Unfortunately, mechanical hard drives last only about five to 10 years, thanks to normal wear and tear. Knock the thing off your desk while it’s running and its 7200 rpm spindle motor and metal read/write heads can shred the drive’s delicate glass-cobalt alloy platters full of data. Flash drives and newer solid-state drives have no moving parts, but their chips also live only so long.
There are many other ways to lose files, including accidental file deletion and disc reformatting, viruses, and failed upgrades and installs that corrupt data.
So, what if all your digital files suddenly go poof?
Don’t panic. Lost data can probably be recovered. But resurrection often ain’t cheap: You might have to pay a professional hundreds or even thousands of dollars to do it.
Here’s what to do if disaster strikes—and how to avoid it in the first place.
First, Do No Further Harm
If you hear strange grinding, clicking, or other noises coming from a mechanical drive, stop. This could indicate drive failure or physical damage caused by a torn or dead head, scratched platter, or stuck spindle motor. Serious stuff.

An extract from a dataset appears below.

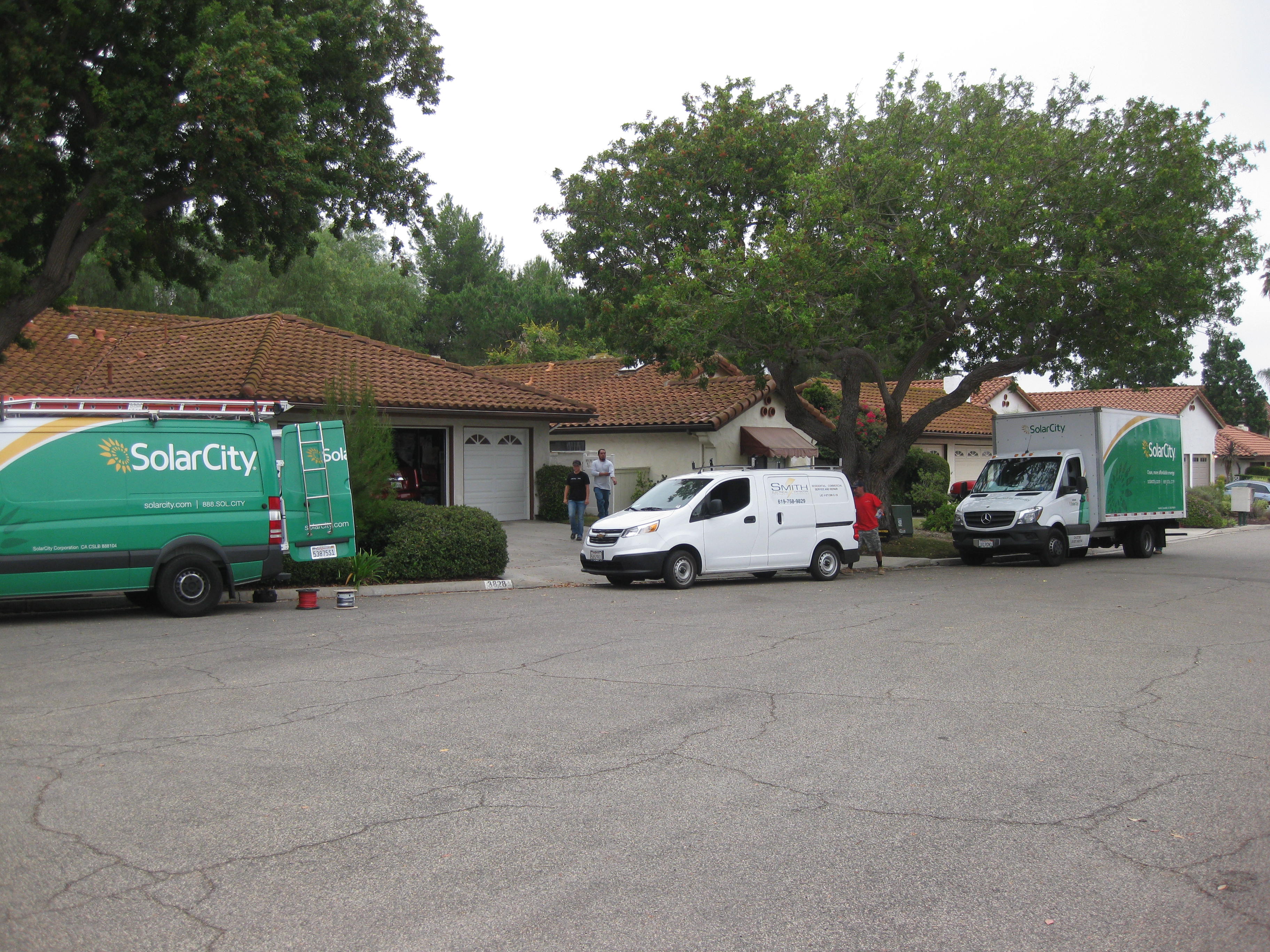 We decided to have a solar system installed on our roof. We selected Solar City as our vendor since they are the largest vendor in our area with experience to match, George also loves Elon Musk, an owner of Solar City. Part of the reason was financial, part guilt over using so much air conditioning electricity, and part was the panache of the techology (we can't afford a Tesla car). We decided to lease a system rather than buy for reasons of no out of pocket expense and full warranty for the life of the system. The lease is for 20 years. Because George and Marguerite were on our HOA Board we decided to put the panels where they would not be seen verses optimum for solar transfer of power. We therefore have a large 42 panel system and pay accordingly. However we do expect to save $100 per month on average unless rates change which is possible since energy providers are being put in a tough spot. Contract was signed about April 22, 2015, we connected to the grid on September 29, 2015. It rained last month and no leaks were noticed in the roof. Monitoring of the system works fine on our PC and on Marguerite's cell phone. |

Immediately turn it off. Don’t try to get it running again, because that could cause more damage and data loss. Fixing this involves complex electronic surgery and will cost the biggest bucks.
Getting Help
Start at a good computer repair shop. Our ratings of shops include several that receive high ratings in our surveys of local consumers plus our price ratings, based on quotes collected by our undercover shoppers.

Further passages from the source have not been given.